Sifra, a midrashic commentary on Leviticus, seeks to answer some of these questions. This man, Sifra tells us, wanted to pitch his tent amidst the Tribe of Dan, to which he claimed membership from his mother. His right to do so was resisted by that tribe, so he took his case to the court of Moses. Moses decided against him, and he “went out” from the court of Moses, and blasphemed in angry reaction to what he saw as an injustice.

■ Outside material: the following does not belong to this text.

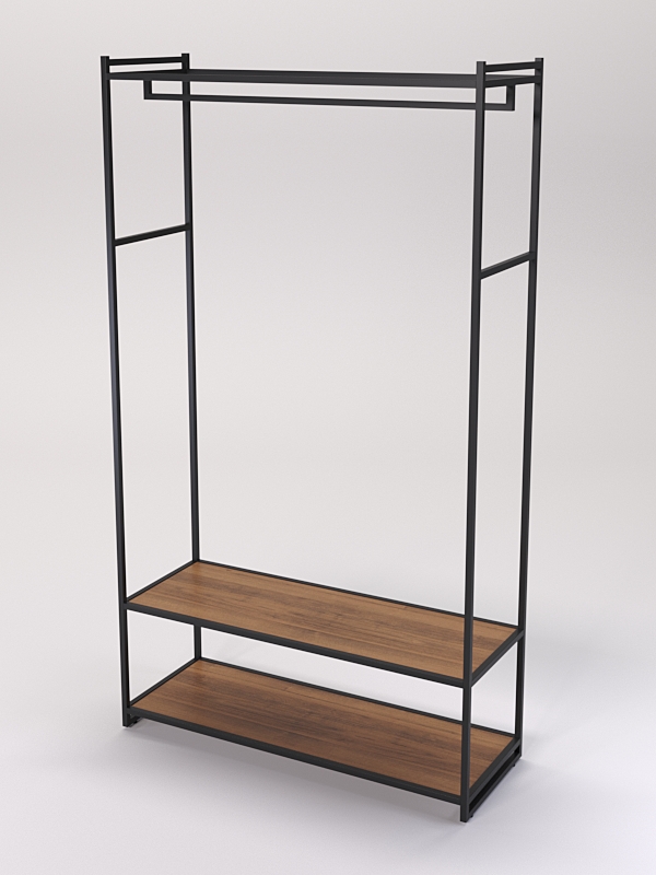 В нижней части имеются две полки. На полках стеллажей в магазине одежды можно разместить различные элементы одежды, такие как платья, юбки, брюки блузки, рубашки и свитеры, а также головные уборы, перчатки, шарфы, обувь и аксессуары.
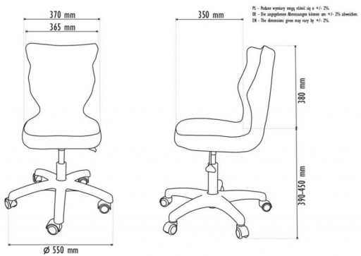 Charakteryzuje się ergonomicznym kształtem siedziska i oparcia, dostosowanym do wzrostu użytkownika.

The prohibition against blasphemy already appears in Exodus 22:27: “You shall not revile God, nor put a curse upon a chieftain among your people.” From this passage, we might deduce that cursing God is closely connected with cursing authority. This lends support to Sifra’s story of the unsuccessful court case. But such a thing could have happened to a full-blooded Israelite, too; we know that Moses decided many cases, and some of the losers must have felt aggrieved. If the story were just about someone breaking the prohibition against blasphemy, the Torah wouldn’t need to tell us about the lineage of the blasphemer. But it does, so it must be significant. This man’s mixed heritage – half Israelite, half Egyptian – tells a story of a stranger rejected.
This is the story of the son of an Israelite woman – her name was Shelomit, daughter of Dibri of the tribe of Dan – and an Egyptian father, about whom we are told nothing. This man sought refuge and a home amongst our people. It is on the basis of his mother’s tribal identity that (so Sifra tells us) he seeks a tribal home, but he is fought at every turn, first by the adverse decision in the court of Moses, then in a fight with an unambiguously native Israelite, and then, when he can take it no longer and reacts in anger, he is rejected and called a criminal. His status as a member of the people is rejected, but he is Israelite enough to render him culpable for the crime of cursing God.
Immediately after the story, the Torah goes on to describe the general rule: anyone who blasphemes God shall bear the guilt, and one who also pronounces the name of God shall be put to death … whether that person is a stranger or a citizen.
Perhaps this man was not quite enough of a stranger – his half Israelite status may have been worse than that of a complete foreigner. As a descendant of the Tribe of Dan, he should have had a home amongst the tribe. Failing that, then, as a stranger, he should have been treated in accordance with the commandment in Exodus 22:20: “You shall not wrong nor oppress a stranger, for you were strangers in the land of Egypt.” It appears that the Torah abandoned this principle in the case of someone who was neither fully stranger nor fully native. One might suppose that he was considered a suspicious character whose loyalty no one could be certain of. And ultimately, it appears that fear won out over principle.
The increasing flood of refugees in recent years has challenged the good will and ethical obligations of the countries to which they seek admittance. Our Torah at its best, in Exodus, reminds us what our ethical obligations are, and in this portion, where the Torah is arguably not at its best, it reminds us just how difficult it can be to uphold them.